If I understand what you want to do, it is not really a statistical issue per se. As I understand it, you have a map of piecewise-constant areal population density (i.e. $\frac{\text{people}}{\text{area}}$), defined by a set of polygons.
So consider a particular polygon $A$ with density $\rho$ and population $N=\rho|A|$, where $|A|$ is the polygon area.
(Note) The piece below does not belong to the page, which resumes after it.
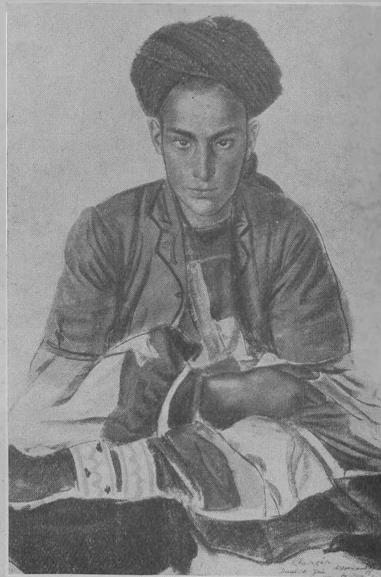
Молодой афганецъ изъ племени Даулетъ - Занъ

работать для живописи систему работы, основанную исключительно на памяти.

So to add a new polygon $B$, you first compute $C=A\cap{B}$, $A'=A-C$, and $B'=B-C$. If you intend that the populations in the overlap area are independent*, then $N_C=(\rho_A+\rho_B)|C|$. You would then subtract these contributions from the residual polygons, i.e. $N_{A'}=N_A-\rho_A|C|$ and $N_{B'}=N_B-\rho_B|C|$. Note that the densities of the residual polygons are unchanged, $\rho_{A'}=\rho_A$, $\rho_{B'}=\rho_B$.
*This is one interpretation of the example you gave where $B=C$ so $B'=\emptyset$. If the overlap-populations are not independent, then this would be double counting! This is the part that is not clear to me from your description.
Update: Based on the clarification, the assumption $\rho_C=\rho_A+\rho_B$ is not appropriate.
So then the uncertainty all boils down to how you estimate $\rho_C$. (The assumption $\rho_{A'}=\rho_A$ and $\rho_{B'}=\rho_B$ still seems valid.)
I am not sure if there is a "correct" answer here (but hopefully someone chimes in, if there is!).
A reasonable approach is to model the density in the overlap as a weighted average of the component densities
$$\rho_C\approx\frac{w_A\rho_A+w_B\rho_B}{w_A+w_B}$$
One possible approach for weighting could be based on the relative area of a component to the overlap, i.e.
$$w_A=\frac{|C|}{|A|}\,,\,w_B=\frac{|C|}{|B|}$$
This captures the idea that if $|A|\gg|C|$ and $|B|\approx|C|$, then $\rho_C\approx\rho_B$, which seems close to your example qualitatively.
(Note that $|C|$ could be omitted from the weights here, as the constant factor will cancel out.)